Aaaand… they’re off! For good?

The Racing Commission and anti-racing legislators have been quarreling all year. Some lawmakers are against the use of historical racing machines at racetracks that reply past historic races such as the Belmont Stakes and the Kentucky Derby. Funding was threatened ever since the commission approved the use of these machines in their race tracks. Now everything is threatened.

John Elliot, CEO of Global Gaming Solutions, spoke out about the situation. “If the TRC shuts down, it’s a concern for the whole industry. It obviously would have a devastating impact. We can only hope that it’s not going to happen.” Global Gaming Solutions, under the stewardship of the Chickasaw Nation, also own Lone Star Park in Grand Prairie. If horse racing ends, Texans may only have mobile casino gambling to entertain them.

The commission was told by lawmakers that they would continue to get funding. In addition lawmakers said that funding for central administrative positions must be approved by the State Legislative Budget Board. After that, the commissioners announced they would try to repeal the “historical racing rules.” The commission will meet to discuss the proposal on Aug 25 which almost coincides with lawmakers’ decision whether to cut race funding.

Texas horse racing’s end could be due to the commission’s regulation

It is unknown how the state budget boards will determine if the funding will continue. R.J. DeSilva, budget board spokesman, said that “the Racing Commission will get information on how to proceed” after the next fiscal year begins. Unfortunately the Racing Commission has yet to receive the information. Trout said “until we hear from the LBB, we must prepare for the unlikely event that the approval will not be given and the Commission will be unable to regulate racing.”

Texas Horse Racing instant machines

Historical or instant racing machines offer all the excitement with much lower costs

Historical racing or instant racing is a much heated topic in Texas. Though they are similar to slot machines in their lights, sounds and automatism, instant racing is based on the performance of past races or “replaying races.” Each “instant race” is devoid of dates, tracks or horse names in order to avoid any advantage prior to playing. Several politicians, such as Representative Matt Krause of Fort Worth, wanted judges to halt the commission’s vote on historical racing.

The Commission’s approval of historic horse racing in their dog and horse racing casinos may have put race funding in jeopardy. Those who are for historic racing claim that the game machines are needed in order for Texas to properly compete with larger casinos neighboring states that offer more. Texas is unable to produce revenue that rivals Chinese casinos, so they should be able to do whatever is possible.

There have been several legislative attempts to discontinue instant racing.
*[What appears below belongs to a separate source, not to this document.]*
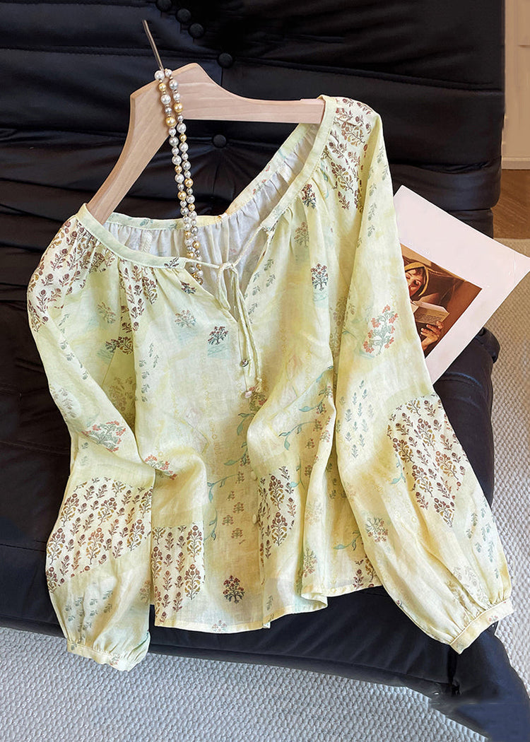 New Yellow V Neck Print Lace Up Cotton Blouse Tops Fall
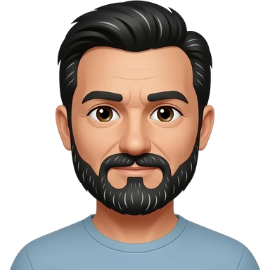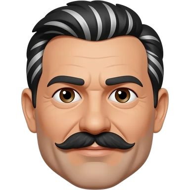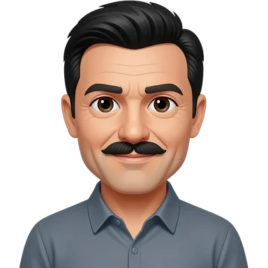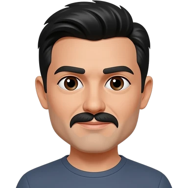 45 year old man with black hair and dark brown eyes with a black mustache emoji

In one such attempt, Representative Krause tried to file a suit claiming that the commission didn’t have the authority to permit instant racing. That case was dismissed. Another lawsuit was filed by a coalition of charitable bingo groups that claimed the machines would severely impair their business. Although the commission has vowed to not change the ruling, a coalition of racetracks claimed they would.

What may hurt the racing industry more is the system that is in place to pay the commission through the racing revenue. The attempts in the past to better regulate the funding, which is allocated from all the racing revenue, have always been thwarted by the commission. The casino and horse racing industry in Oklahoma and Louisiana may not have to do anything to eliminate their competition. The commission may not last due to their own avoidance of US gambling laws.